** Opening SUPPLIED MATERIAL block **

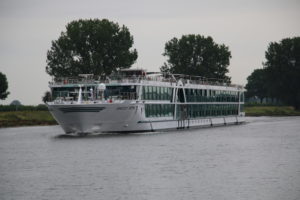 Zuerst begegneten wir dem Flusskreuzfahrtsschiff Amadeus Imperial, das unter deutscher Flagge fährt.
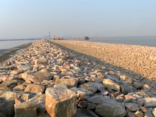 本工程采用充填砂袋結構施工,其中,北圍堰為210米的延長段,東圍堰為長1832米,分隔圍堰1088米,南圍堰1034.57米,西圍堰1832米,設計圍堰頂標高5.8m,頂寬2m。工程于2011年01月10日開工,2011年12月05日完工。
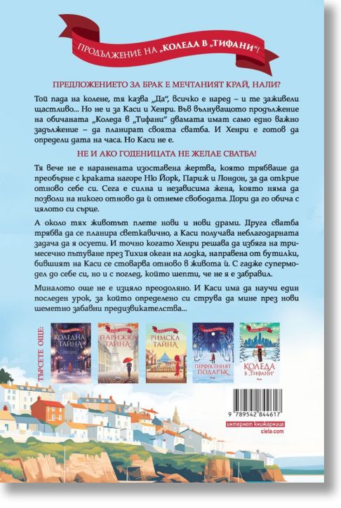 Той пада на колене, тя казва „Да“, всичко е наред – и те заживели щастливо… Но не и за Каси и Хенри. Във вълнуващото продължение на обичаната „Коледа в „Тифани“ двамата имат само едно важно задължение – да планират своята сватба. И Хенри е готов да определи дата на мига. Но Каси не е.

** Closing SUPPLIED MATERIAL block **

__TO DO__: Transcribe the whole listing above exactly and leave out the pictures.

__COMPLETED EXERCISE__:
 Zuerst begegneten wir dem Flusskreuzfahrtsschiff Amadeus Imperial, das unter deutscher Flagge fährt.
 本工程采用充填砂袋結構施工,其中,北圍堰為210米的延長段,東圍堰為長1832米,分隔圍堰1088米,南圍堰1034.57米,西圍堰1832米,設計圍堰頂標高5.8m,頂寬2m。工程于2011年01月10日開工,2011年12月05日完工。
 Той пада на колене, тя казва „Да“, всичко е наред – и те заживели щастливо… Но не и за Каси и Хенри. Във вълнуващото продължение на обичаната „Коледа в „Тифани“ двамата имат само едно важно задължение – да планират своята сватба. И Хенри е готов да определи дата на мига. Но Каси не е.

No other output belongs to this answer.